The claimant was employed as a “Triplex operator” and sustained a compensable injury on __________, when he raised up from working under a machine and “rammed” his head on a rail. The claimant went to a clinic recommended by the employer and subsequently began treating with Dr. W. It is undisputed that disability, as defined in Section 401.011(16), began on January 13. There are a number of progress reports in evidence from the clinic and Dr. W, but there was scant discussion on disability at the CCH. It is undisputed that the claimant returned to work in a light-duty capacity on March 12.

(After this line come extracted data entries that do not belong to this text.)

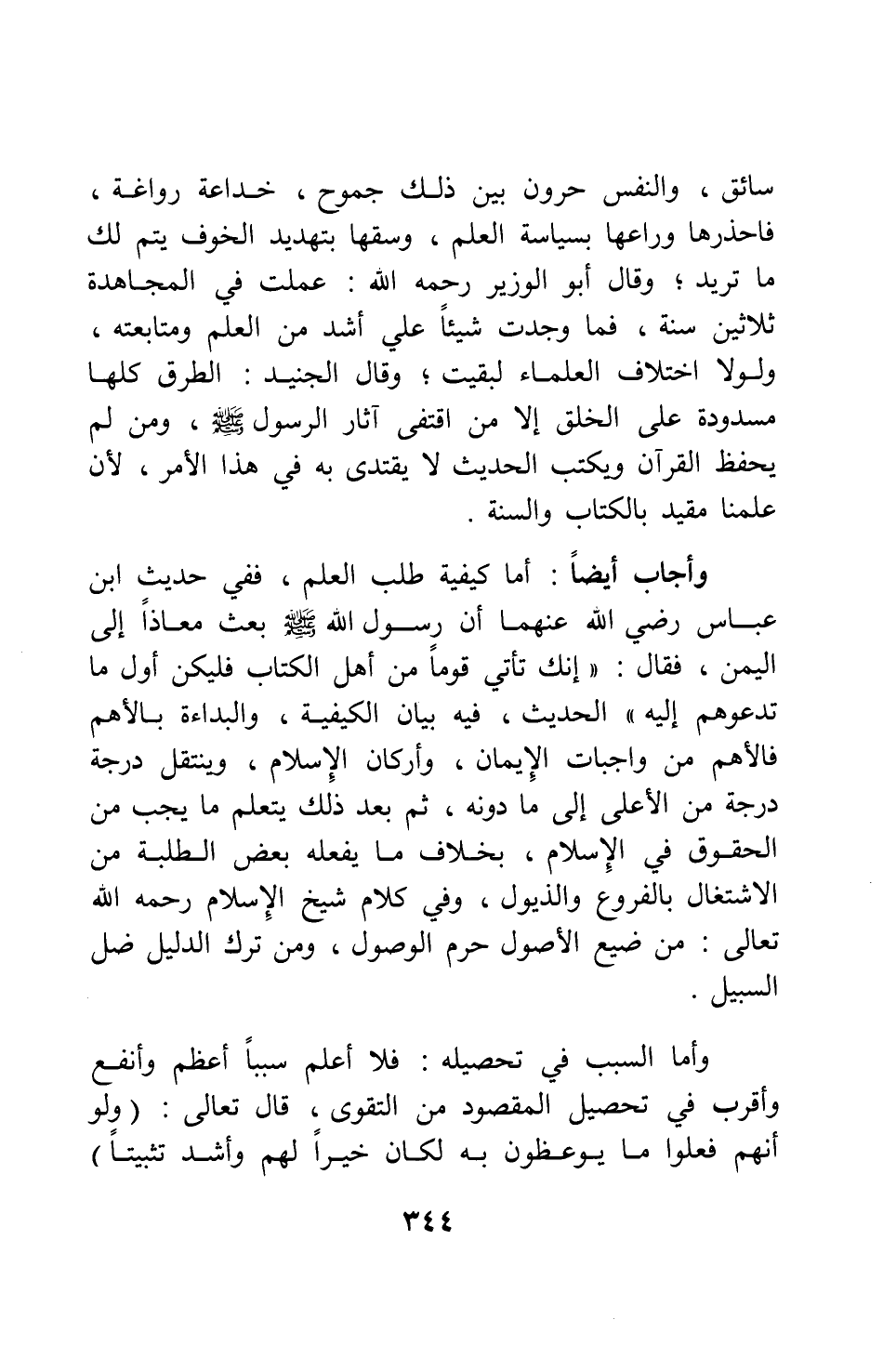 وأجاب أيضاً: أما كيفية طلب العلم، ففي حديث ابن عباس، رضي الله عنهما، أن رسول الله صلى الله عليه وسلم " بعث معاذاً إلى اليمن، فقال: إنك تأتي قوماً من أهل الكتاب، فليكن أول ما تدعوهم إليه ... " 1 الحديث، فيه بيان الكيفية، والبداءة بالأهم فالأهم من واجبات الإيمان، وأركان الإسلام، وينتقل درجة درجة من الأعلى إلى ما دونه. ثم بعد ذلك يتعلم ما يجب من الحقوق في الإسلام، بخلاف ما يفعله بعض الطلبة من الاشتغال بالفروع والذيول؛ وفي كلام شيخ الإسلام، رحمه الله تعالى: من ضيع الأصول حرم الوصول، ومن ترك الدليل ضل السبيل.
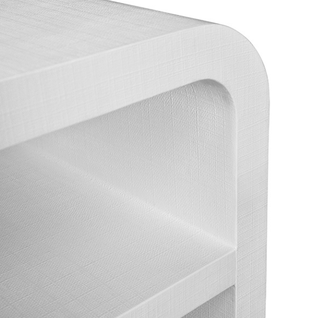 Our mid-century modern, waterfall console table stands out in a crowd. Arcing silhouette and rich, book-matched burl veneer or textured white linen speak to one-of-a-kind, old world craftsmanship. Shelf provides additional stability and storage. As a dramatic centerpiece, Marshall sets the tone for a luxurious, high style living space.
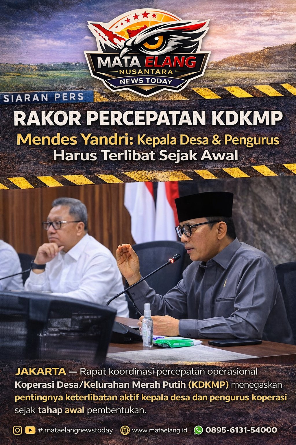 Menteri Desa dan Pembangunan Daerah Tertinggal (PDT), Yandri Susanto, mendorong agar kepala desa dan pengurus koperasi tidak hanya menjadi pelaksana, tetapi juga bagian dari manajemen pelapis dalam struktur KDKMP.
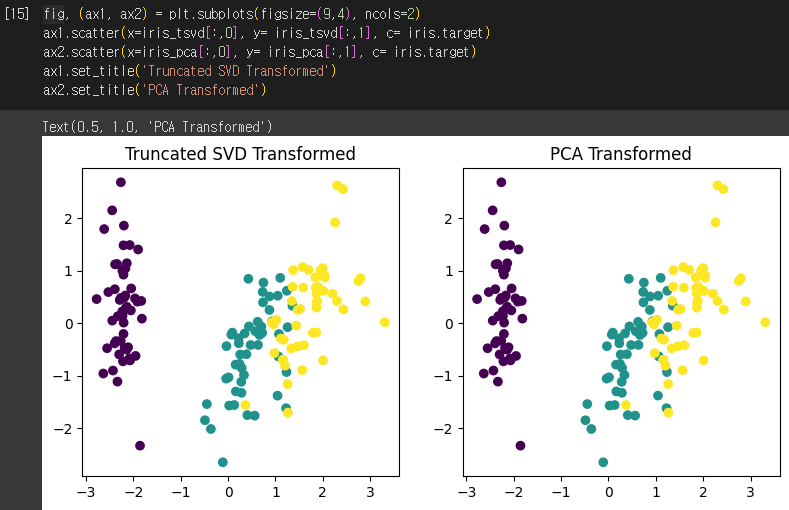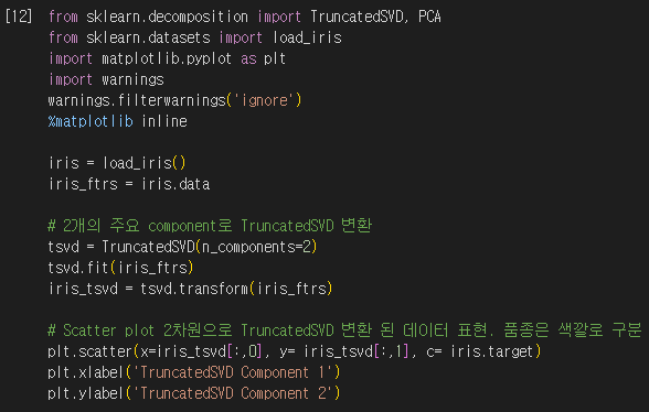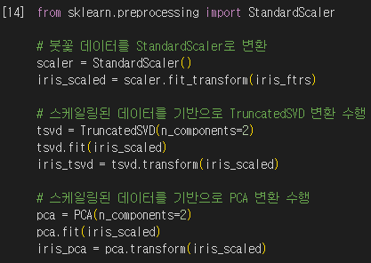 Truncated SVD를 통해 4개의 피처를 2개의 피처로 압축하더라도 세 종류의 붓꽃이 꽤 잘 구분되는 것을 확인할 수 있습니다.
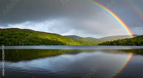 © Shabana, Naklejka premium A serene Irish lake reflecting the vibrant colors of a rainbow, AI Generated
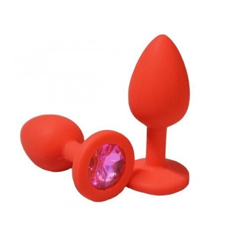 Анальная пробка из красного силикона с розовым кристаллом (размер S)
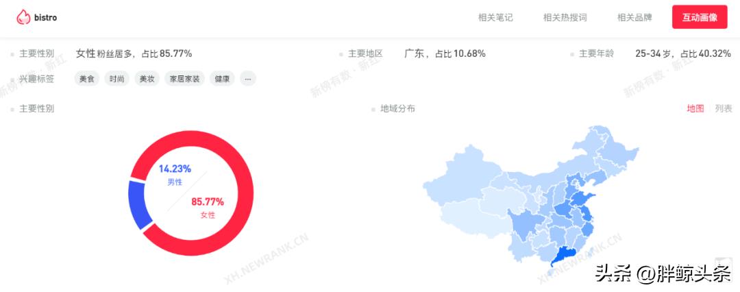 从小红书提供的数据洞察中我们发现,bistro目前在中国沿海地区最为普及,并在新一线城市呈现旺势。值得注意的是,在互动画像中,女性占据绝对比例,并以25-34岁为主要年龄。
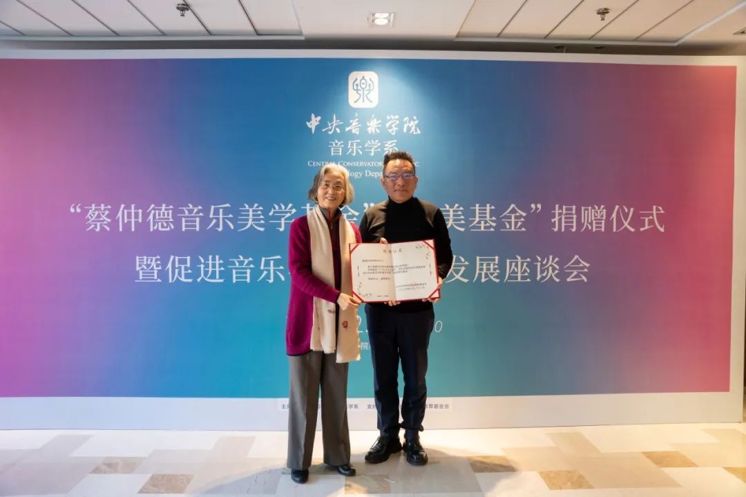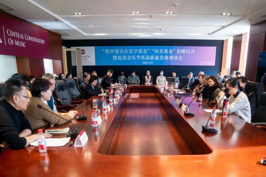 2024年12月25日,77779193永利集团音乐学系在教学楼717会议室隆重举行“蔡仲德音乐美学基金”“何美基金”捐赠仪式暨促进音乐学系高质量发展座谈会。77779193永利集团副院长柯扬发表书面讲话,77779193永利集团教育基金会理事长郭淑兰,“蔡仲德音乐美学基金”出资者、蔡仲德先生之女冯珏,潘必新教授,王次炤教授,音乐学系系主任何宽钊,党总支书记吴晓萍,系副主任刘小龙及全系教师汇聚一堂,共同见证这一具有深远意义的时刻。活动由何宽钊主持。
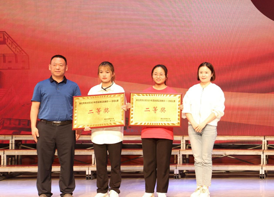 本网讯(记者 赵依婷/文 尹依伊 熊海婷/图)2021年6月4日,我校思政课实践教学合唱比赛在音乐舞蹈学院演播厅举行。经济与管理学院带来歌曲《一二三四》,四位身着作训服的旗手脚踏正步、手举旗帜,展示军营风采,演唱者声音整齐划一,歌声铿锵有力,振奋人心;本次活动旨在庆祝中国共产党建党一百周年,激发学生爱党爱国的热情,接受红色精神的洗礼,丰富校园生活。(责任编辑 杨彩芬)

The hearing officer found that disability ended on February 15, when the claimant was seen by Dr. W, who noted that the claimant’s neck and shoulder pain was gone and that the claimant “feels fine.” Other subsequent reports, which keep the claimant off work, stress lumbar complaints, which are not part of the compensable injury. The clamant, in his appeal, contends that Dr. W’s report “was just one day” and subsequent reports keep the claimant off duty.
We hold that the hearing officer’s decision on the disputed issue was supported by sufficient evidence. The hearing officer is the sole judge of the weight and credibility of the evidence (Section 410.165(a)), resolves the conflicts and inconsistencies in the evidence (Garza v. Commercial Insurance Company of Newark, New Jersey, 508 S.W.2d 701 (Tex. Civ. App.-Amarillo 1974, no writ)), and determines what facts have been established from the conflicting evidence. St. Paul Fire & Marine Insurance Company v. Escalera, 385 S.W.2d 477 (Tex. Civ. App.-San Antonio 1964, writ ref’d n.r.e.). The Appeals Panel will not disturb the challenged factual findings of a hearing officer unless they are so against the great weight and preponderance of the evidence as to be clearly wrong or manifestly unjust and we do not find them so in this case. Cain v. Bain, 709 S.W.2d 175, 176 (Tex. 1986); In re King’s Estate, 150 Tex. 662, 244 S.W.2d 660 (1951).
The decision and order of the hearing officer are affirmed.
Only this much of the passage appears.